___ Data segment ___
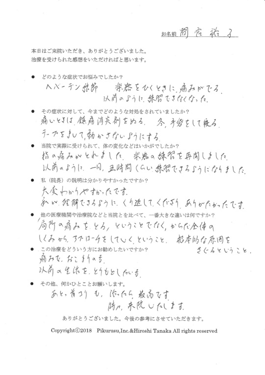 指の痛みがとれました。楽器の練習を再開しました。以前のように、一日、五時間くらい練習できるようになりました。
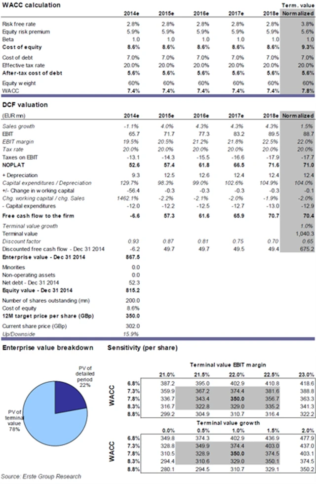 Ocenění společnosti Stock Spirits Group je založeno na dvojfázovém DCF modelu, který je podle Erste nejvhodnější pro zachycení hodnoty společnosti. Model ocenil společnost na 815,2 milionu EUR, což po přepočtení znamená 350 GBp na akcii.
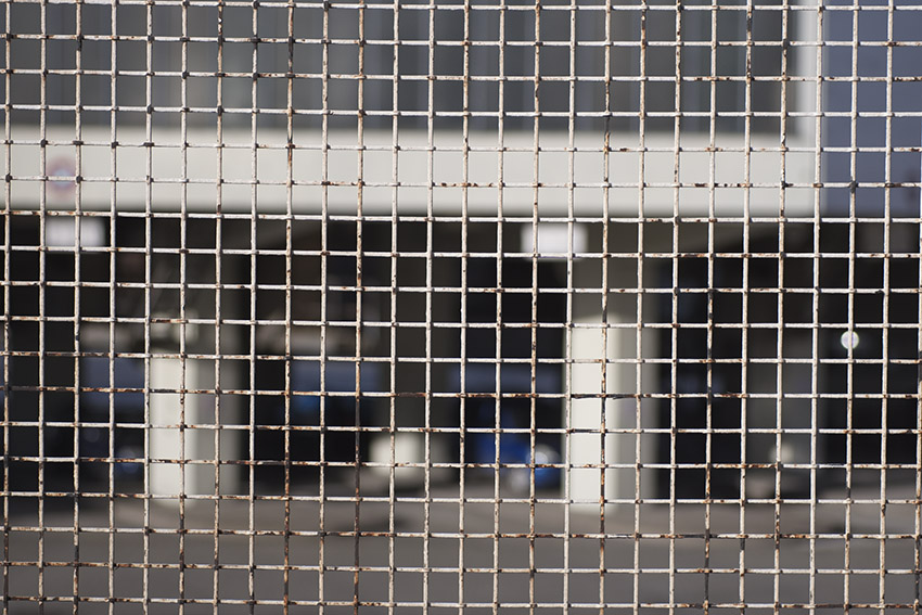 Ausschnitt aus der Mitte Zaun aus Maschengitter. Fotografiert mit Blende 2,8
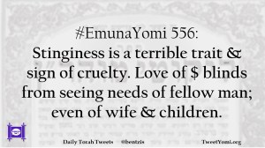 #EmunaYomi 556: Stinginess is a terrible trait & sign of cruelty. Love of $ blinds from seeing needs of fellow man; even of wife & children.
___
### [Goal of the exercise]
Without the pictures, transcribe exactly the lines above from the one containing "Ocenění společnosti Stock" through the last.

### [Output below]
 Ocenění společnosti Stock Spirits Group je založeno na dvojfázovém DCF modelu, který je podle Erste nejvhodnější pro zachycení hodnoty společnosti. Model ocenil společnost na 815,2 milionu EUR, což po přepočtení znamená 350 GBp na akcii.
 Ausschnitt aus der Mitte Zaun aus Maschengitter. Fotografiert mit Blende 2,8
 #EmunaYomi 556: Stinginess is a terrible trait & sign of cruelty. Love of $ blinds from seeing needs of fellow man; even of wife & children.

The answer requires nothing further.